Banks in developed countries have also been engaged in financing Brazilian export crops, because of the much lower interest rates on international as opposed to domestic markets. The value of the produce is thereby provided as guarantee for the loans (DSC 2008, p.18). As whole soybeans, soybean oil, soybean meal, corn, cotton, sugar, lean hogs and live cattle are amongst the 18 key commodities traded in Chicago, London, and New York (BURCH & LAWRENCE 2009, p.273), they offer highly tradable futures. The proliferation of financialization within essential agricultural commodity sectors has hereby provided a large amount of credit for the growth of commercially oriented monoculture (MENDONÇA 2015, p.396), while it also has been pinpointed as something which weakens small-scale farming (ISAKSON 2013, p.12).
In relation to the process of financialization of agriculture, Brazil has converged with the general trend within the contemporary global food system to rely increasingly on private capital (FRIEDMANN & MCMICHAEL 1989, p.112). As highlighted by McMichael, financialization has been an absolutely central vector for the vertical integration of agriculture, which firmly re-embeds localized production within global networks of capital, material and technological inputs, and output management.
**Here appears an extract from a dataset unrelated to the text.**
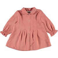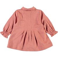 Calesta er en rosa skjorte kjole til babyer. Kjolen har krave og pliseringer på fronten.

(MCMICHAEL 2005, p.270). In Brazil, financialization has thereby constituted a parallel dimension which works in conjunction with the verticalization of production structures, by stimulating the surge of capital intensive export-agriculture and in forging its links to global markets. These linkages have meant that the reproduction of capital within the productive stage has been more closely contingent on conditions within global markets, which has provided an incentive for Brazilian producers to influence events at this level.